Low military capabilities
Despite its ambitions in the Middle East, Iran is weak militarily. A national army was only formed relatively recently (in the Pahlavi Dynasty) and it does not have a strong martial tradition. Apart from their involvement in Oman before the revolution and the war against Iraq, the Iranian armed forces have little military experience in modern times. Moreover, after the Islamic Revolution, the focus was on internal security and the protection of the regime, which is why Tehran created the Revolutionary Guards and the Basij paramilitary militias linked to it. Since its foundation, it has invested enormously in this ideological army. The Revolutionary Guards, which are very involved in the economic sector, have what are generally considered the best equipped land, naval and air forces in the country and a unit specialized in cyber warfare, but they have not been tested in the field since the Iran-Iraq War. Alongside this praetorian guard of the regime, the national army (Artesh) is thought of as the poor parent. The Islamic regime has long been closely monitoring this army and there is a latent competition between the Artesh and the Revolutionary Guards, a situation that could potentially lead to vulnerability for Tehran.
For many military experts, the conventional land, naval and air forces of Iran have limited capacities, with their equipment dating from the time of the shah. Although Tehran has managed to modernize to some extent, much of their equipment is considered obsolete and of poor quality. The Arab states bordering the Persian Gulf have higher defense budgets and more modern and efficient equipment due to their arms purchases and military cooperation with the West. Their air forces, vital in case of conflict in the Persian Gulf, are numerically and technologically superior.
To counterbalance its conventional weakness, Tehran counts on asymmetric means and strategy, on coastal defense and on missiles. Its nuclear policy also answers in part to this conventional weakness and its need to strengthen its deterrence.

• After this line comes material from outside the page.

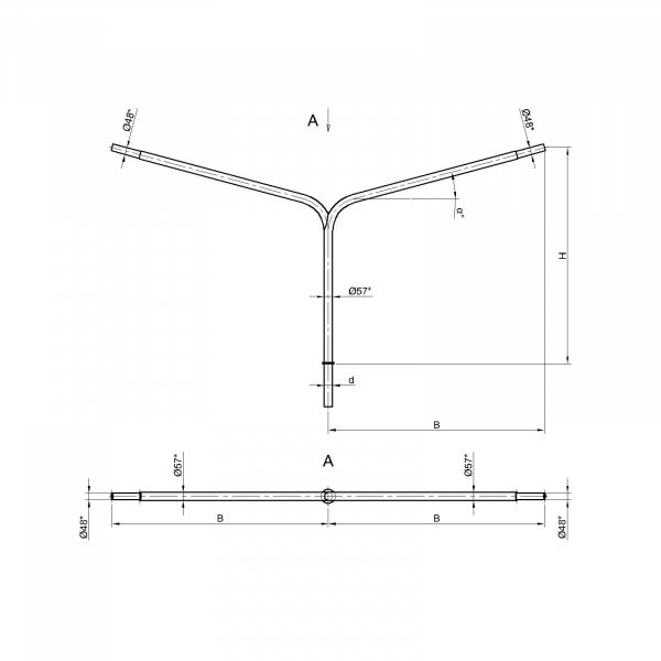 Двухрожковые кронштейны К3-2,0-2,0-1-1 предназначены для крепления светильника на трубчатой опоре освещения.

Aiming at self-sufficiency, Iran has also developed an arms industry, although its production remains limited in terms of quality and technological prowess. Its military strategy being essentially defensive, it has very few means of power projection at its disposal. However, it could disrupt the oil tanker traffic in the Persian Gulf — even though an extended shutdown of traffic is not as simple as it seems and Iran would suffer too — or use its proxies to threaten its opponents in case of conflict. An accurate assessment of Iran’s military capabilities remains a delicate exercise. Research institutes specialized in military matters lack reliable information, while Iran extensively publicizes its missile tests and the country’s maneuvers in the Strait of Hormuz. In view of the country’s weaknesses, this policy contributes to its vital strategy of deterrence, while also contributing to the domestic propaganda of the regime.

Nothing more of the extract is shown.